• GOAL OF THE EXERCISE
Pictures must not appear in the copy. Restate exactly the lines below from the one with "가상자산에 투자한 이유에" through the one with "Di retail modern", inclusive.

• DATA EXCERPTS
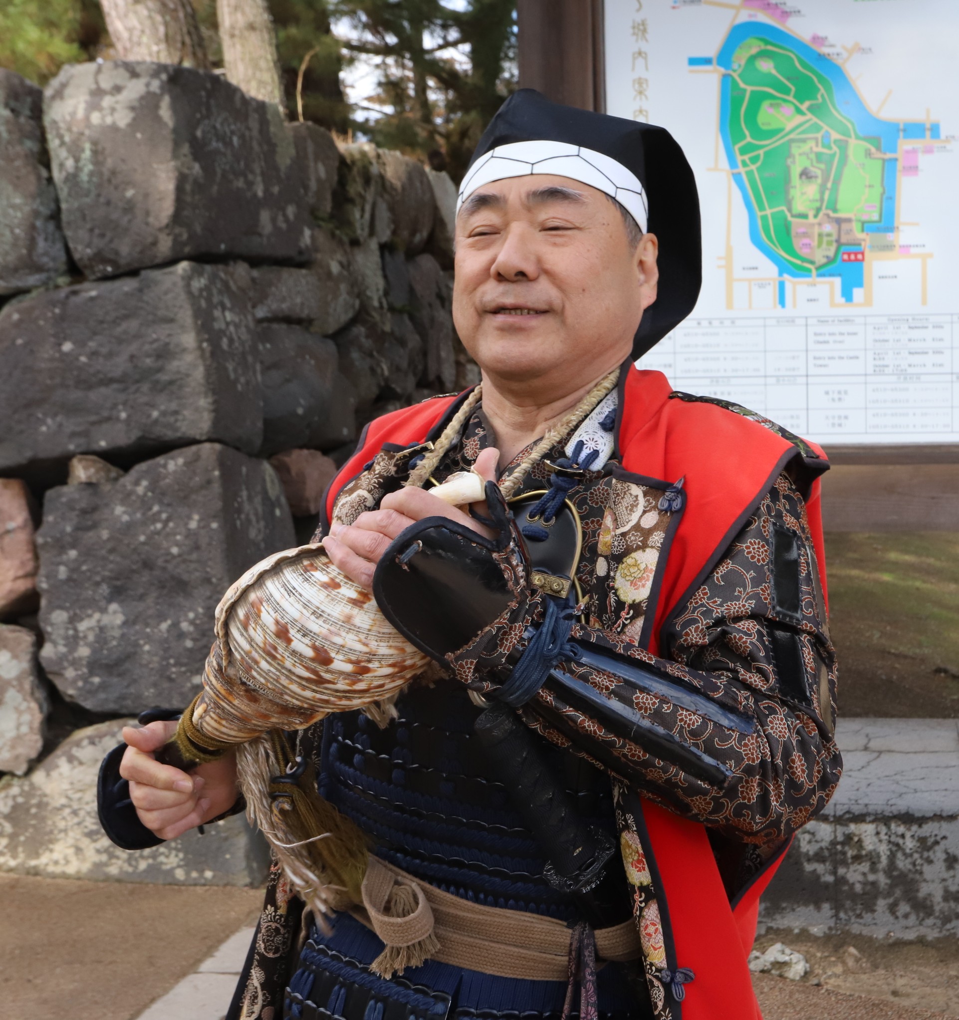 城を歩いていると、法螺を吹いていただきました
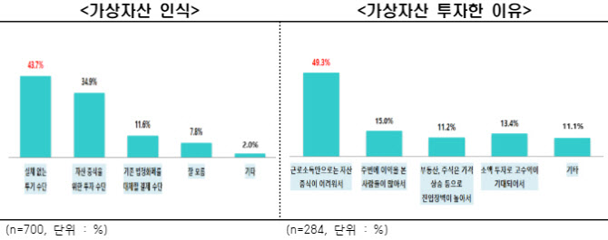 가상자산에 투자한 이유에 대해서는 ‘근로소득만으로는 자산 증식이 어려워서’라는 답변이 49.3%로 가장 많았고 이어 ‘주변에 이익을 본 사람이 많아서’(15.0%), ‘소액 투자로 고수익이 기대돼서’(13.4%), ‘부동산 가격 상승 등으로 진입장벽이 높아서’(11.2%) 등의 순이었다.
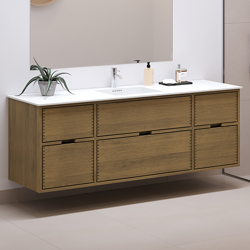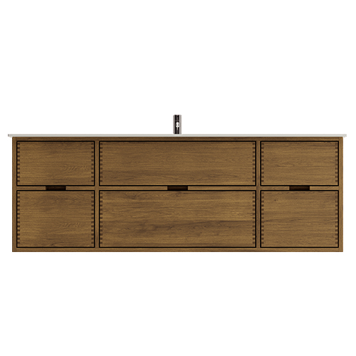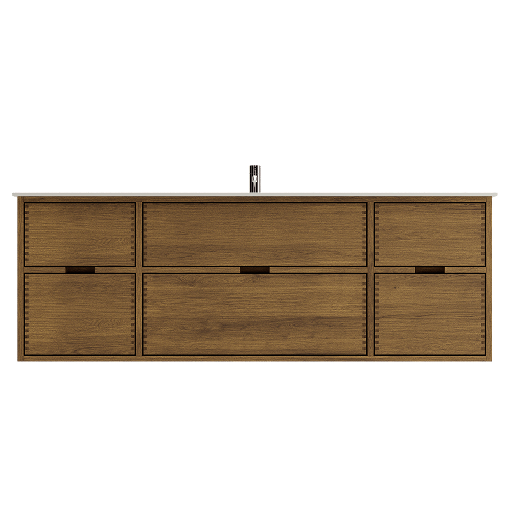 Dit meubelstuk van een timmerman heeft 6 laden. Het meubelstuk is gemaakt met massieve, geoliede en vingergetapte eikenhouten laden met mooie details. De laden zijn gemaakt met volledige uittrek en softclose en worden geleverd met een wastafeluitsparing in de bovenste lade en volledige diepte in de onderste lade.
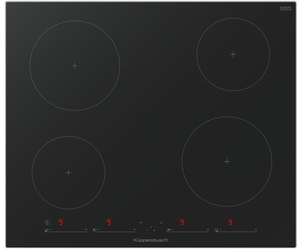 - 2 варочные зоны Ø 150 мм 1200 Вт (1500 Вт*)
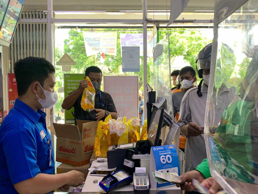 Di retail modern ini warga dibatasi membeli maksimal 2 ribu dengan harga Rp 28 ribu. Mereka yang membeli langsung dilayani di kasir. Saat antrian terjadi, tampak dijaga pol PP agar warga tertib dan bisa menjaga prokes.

...

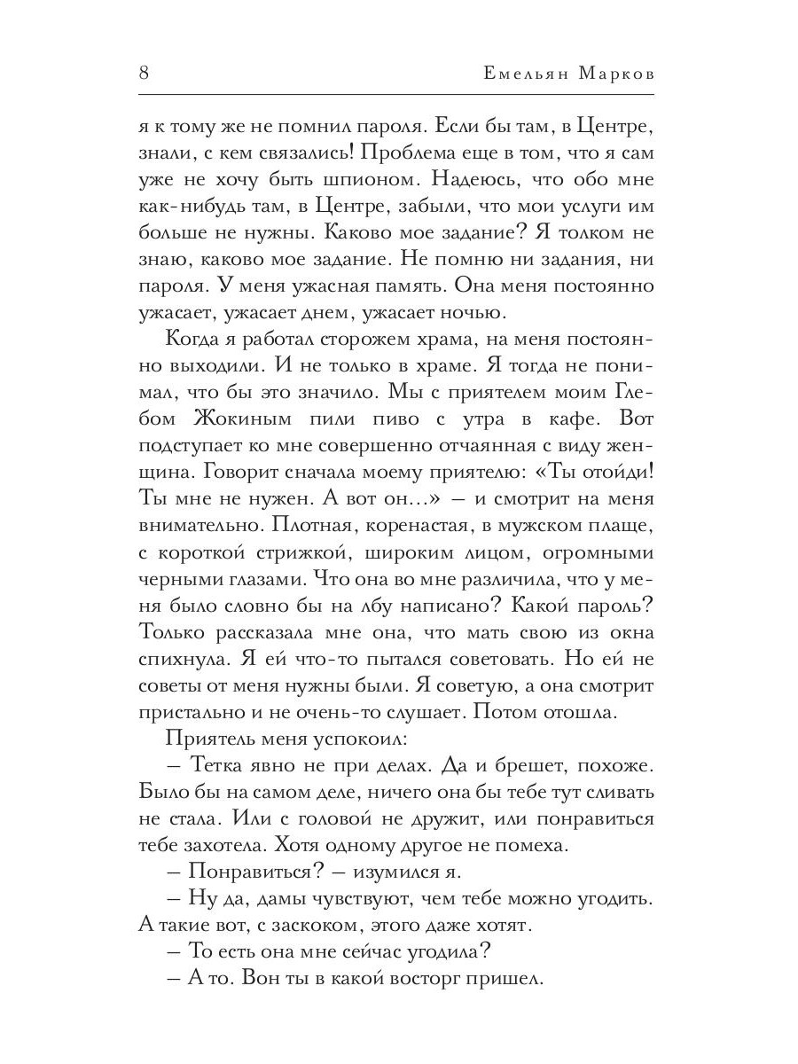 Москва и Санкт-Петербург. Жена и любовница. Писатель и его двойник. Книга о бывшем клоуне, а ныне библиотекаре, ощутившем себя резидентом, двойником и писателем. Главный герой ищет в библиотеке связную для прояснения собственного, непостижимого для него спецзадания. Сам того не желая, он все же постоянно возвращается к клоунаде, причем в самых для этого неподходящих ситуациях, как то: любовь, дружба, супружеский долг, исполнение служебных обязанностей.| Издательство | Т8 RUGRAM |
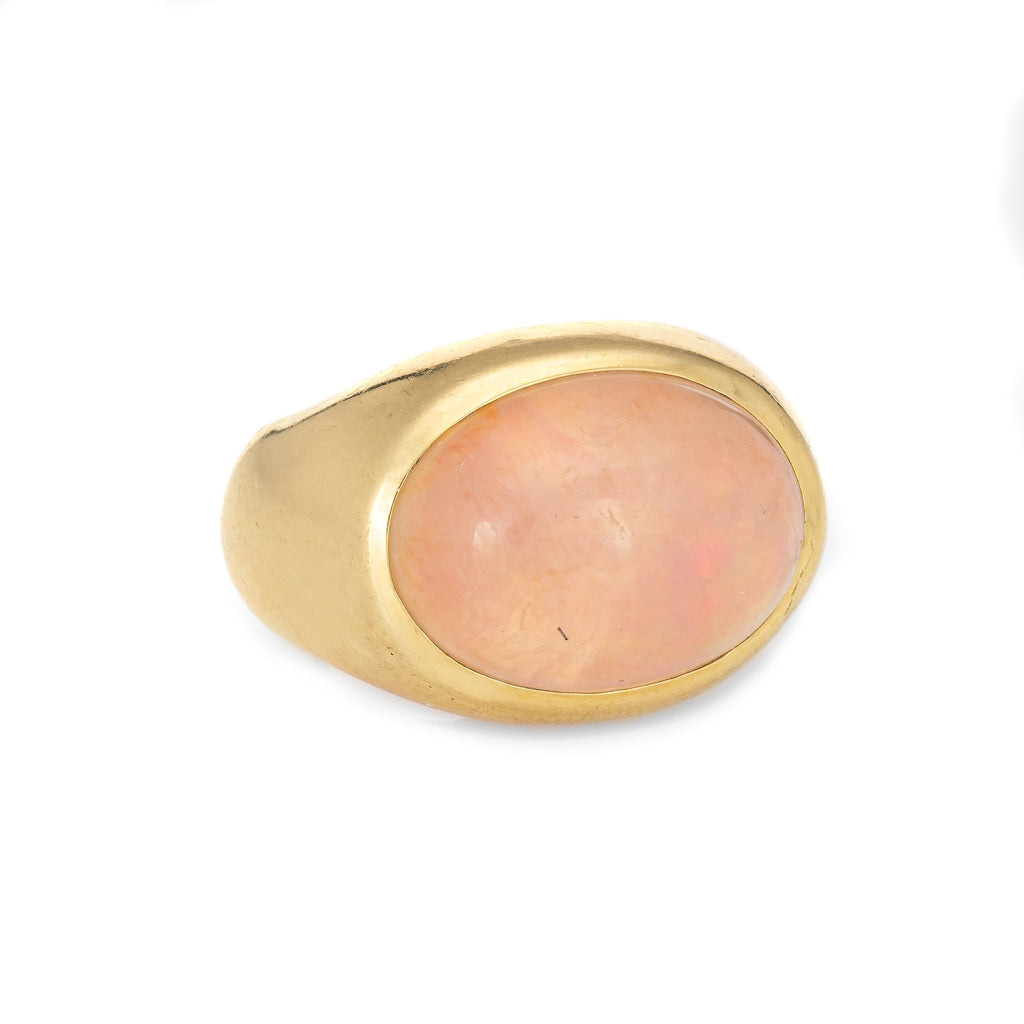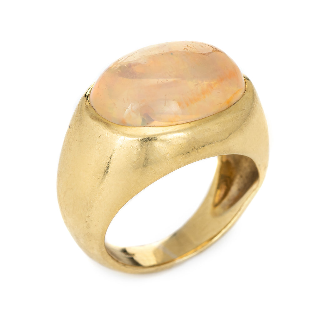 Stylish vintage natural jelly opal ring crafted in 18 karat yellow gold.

...

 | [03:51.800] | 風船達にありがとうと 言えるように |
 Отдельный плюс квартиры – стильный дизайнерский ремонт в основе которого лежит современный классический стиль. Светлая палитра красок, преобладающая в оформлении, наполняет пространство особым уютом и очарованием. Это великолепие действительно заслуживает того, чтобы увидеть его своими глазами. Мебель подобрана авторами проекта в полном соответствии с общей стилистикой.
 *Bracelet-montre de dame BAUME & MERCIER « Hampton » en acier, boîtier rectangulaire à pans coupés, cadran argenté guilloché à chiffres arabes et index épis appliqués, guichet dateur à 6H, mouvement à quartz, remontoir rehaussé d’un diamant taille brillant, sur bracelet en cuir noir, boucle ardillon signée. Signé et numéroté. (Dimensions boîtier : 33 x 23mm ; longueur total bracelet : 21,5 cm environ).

• SOLUTION TO THE EXERCISE
 가상자산에 투자한 이유에 대해서는 ‘근로소득만으로는 자산 증식이 어려워서’라는 답변이 49.3%로 가장 많았고 이어 ‘주변에 이익을 본 사람이 많아서’(15.0%), ‘소액 투자로 고수익이 기대돼서’(13.4%), ‘부동산 가격 상승 등으로 진입장벽이 높아서’(11.2%) 등의 순이었다.
 Dit meubelstuk van een timmerman heeft 6 laden. Het meubelstuk is gemaakt met massieve, geoliede en vingergetapte eikenhouten laden met mooie details. De laden zijn gemaakt met volledige uittrek en softclose en worden geleverd met een wastafeluitsparing in de bovenste lade en volledige diepte in de onderste lade.
 - 2 варочные зоны Ø 150 мм 1200 Вт (1500 Вт*)
 Di retail modern ini warga dibatasi membeli maksimal 2 ribu dengan harga Rp 28 ribu. Mereka yang membeli langsung dilayani di kasir. Saat antrian terjadi, tampak dijaga pol PP agar warga tertib dan bisa menjaga prokes.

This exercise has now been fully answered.